First, FLRA has total control over whether to take the case to a hearing. If it does not want to, your case is over. Second, even if it files an official complaint against the agency, it has total control over whether to settle for what the agency offers, e.g., just a promise not to violate the law again. Third, even if the case goes to hearing, the FLRA is notorious for pursuing weak remedies. What you think should require back pay, FLRA can decide is worth nothing more than a posting and some retroactive bargaining. Fourth, if the incident involves not just a potential ULP, but also contract and potential civil rights violations, FLRA generally will only pursue the ULP. The rest of your case is dropped. Consequently, there are many times that it makes more sense to pursue the ULP through the grievance procedure–even if you have to pay for arbitration.
For example, suppose that an Hispanic woman has her career ladder promotion delayed and you believe it is because management is punishing her for a recently filed grievance. But you have also noticed that the agency probably violated a contract requirement and that the selecting official who interviewed her asked her several questions about how an Hispanic employee would handle certain situations that she did not ask other candidates. In short, you have ULP, EEO, and contract allegations.
The law (5 USC 7116(d)) does permit you to split the case up filing the ULP with FLRA, the discrimination allegation through the EEO charge process, and the contract matter as a grievance. While some see that as tripling your chances to win, others argue that doing so hurts the case because evidence will be split up among the three cases and no judge or arbitrator will get to see the entire case.
A very good alternative is to file a grievance alleging all three kinds of violations. Here are the advantages of that. First, the union decides whether to take the case or just a portion of it to arbitration. Second, one judge gets to look at all the evidence and see the big picture. Third, you have some control over who the neutral decision-maker is. Neither EEOC nor FLRA will let you strike judges you do not like from your case. Fourth, generally arbitrators are more likely to grant back pay than those agencies are, that includes attorney fees if the employee is given retroactive salary or leave.
If the union makes some small changes in its contract, such as the following, grievances become even better options:
- Get the right to file a ULP grievance for the same six month period you have if you file it with FLRA. The best argument for that is that if you are limited to just 15 or 30 days it takes away the right you have in law to choose where to file a ULP for six months after learning of it. A wise management negotiator should not oppose this demand because it keeps other government agencies out of his or her agency, it means the union has to shoulder generally half the cost of a hearing, and it means the agency only has to defend against one case rather than multiple slices of the same case. For example, if a particular management group regularly fails to invite the union to formal meetings, the union can file them as annoying individual grievances or it can bundle all the incidents in six months together and file one, more significant case looking for a tougher penalty than a posting.

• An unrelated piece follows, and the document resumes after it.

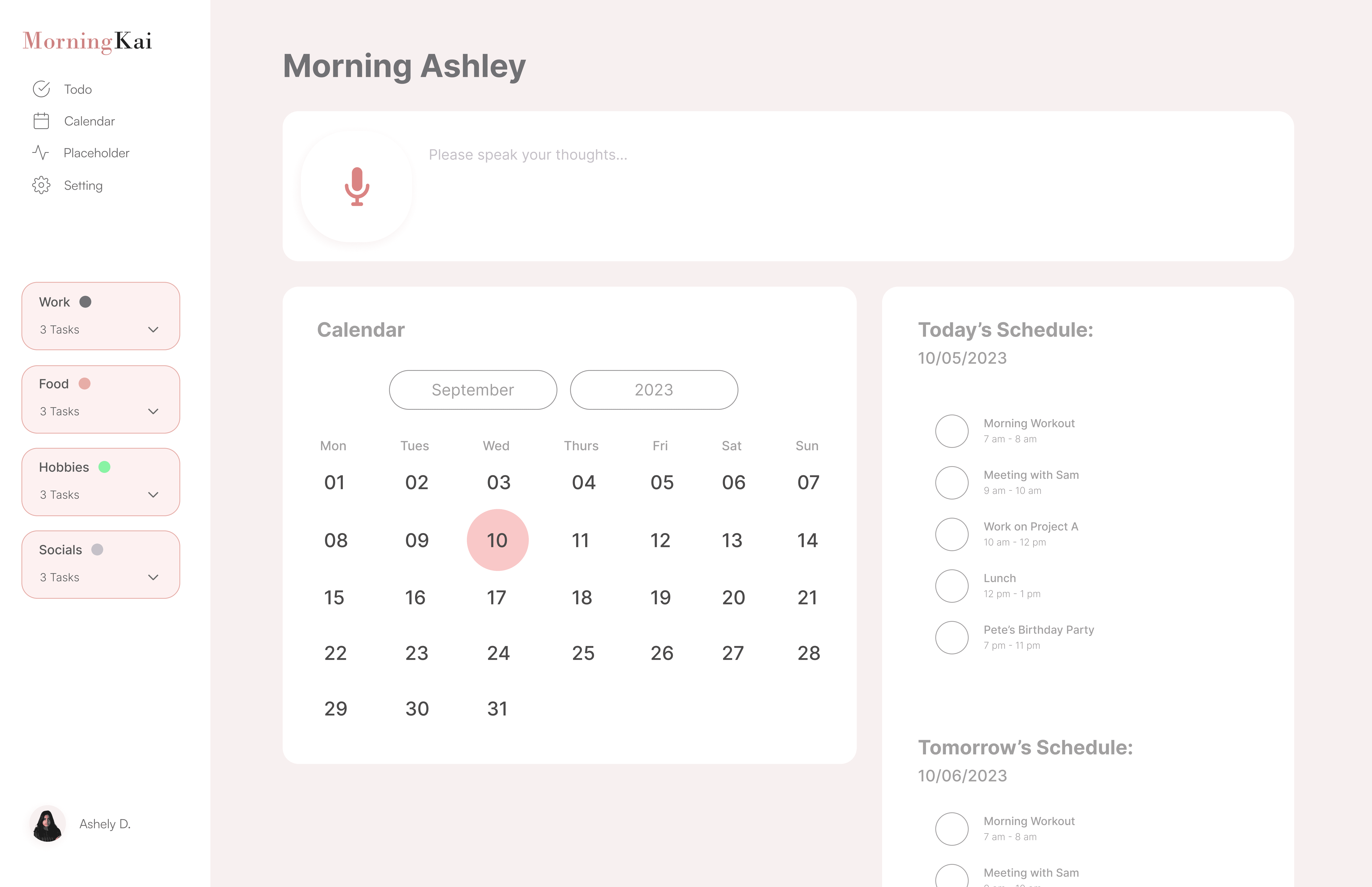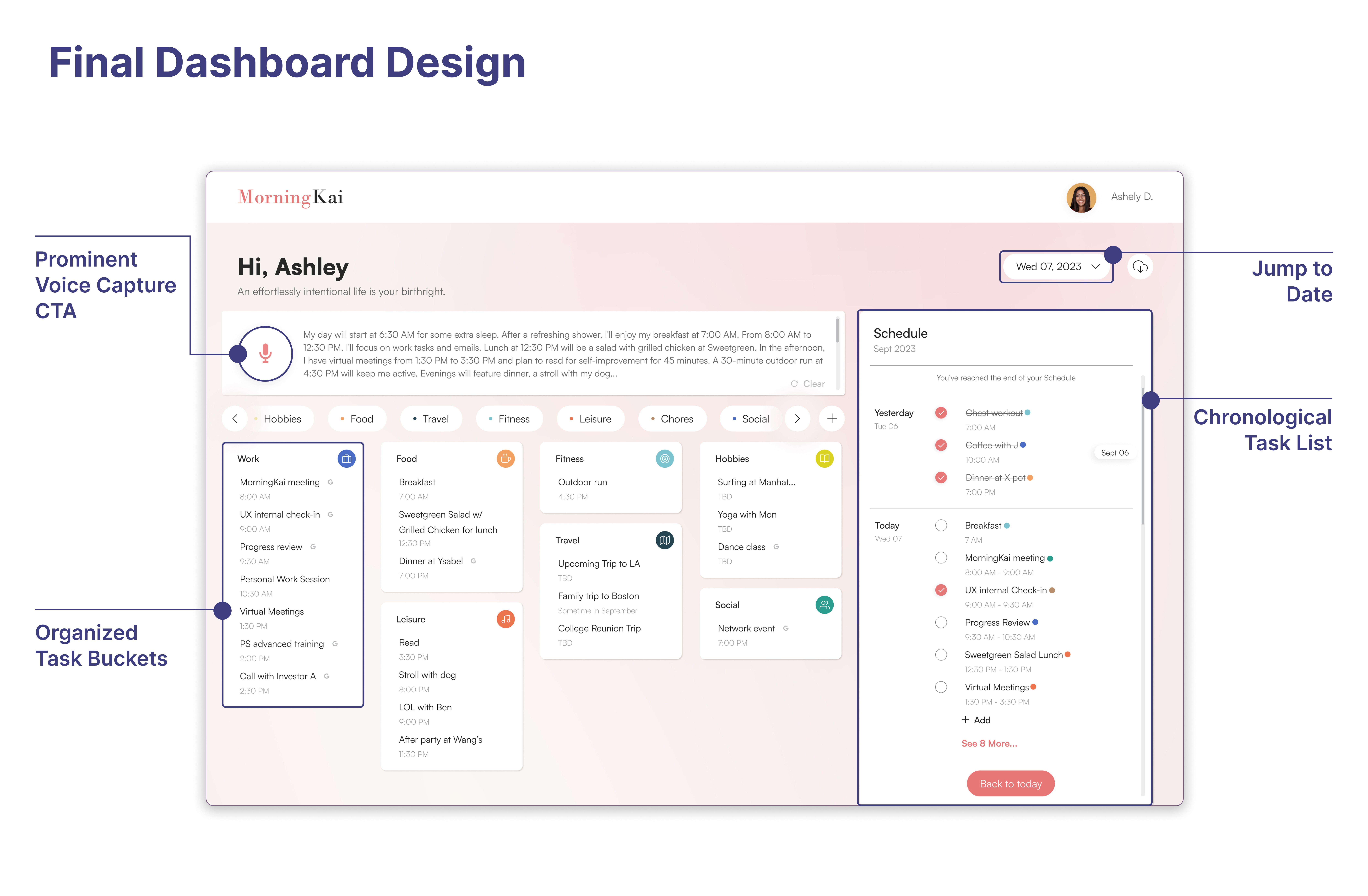 The final dashboard introduces a clear visual hierarchy that highlights key features and enables faster thought capture, easier task tracking, clearer activity patterns, and more intuitive date navigation.

- Another contract change to pursue is that management pay all or most of the arbitrator’s fees when it is found guilty of violating law. Several courts have taken the position that where a private sector employer requires its employees to take alleged violations of law to an arbitrator rather than the government or courts, it is a violation of the employee’s due process rights to require he or she pay anything more than a nominal amount for the arbitration. It is time that federal sector unions made the same argument. After all, if the union has to pay for arbitrating a ULP does that not have a chilling effect on the choice it is supposed to have under 5 USC 7116(d)?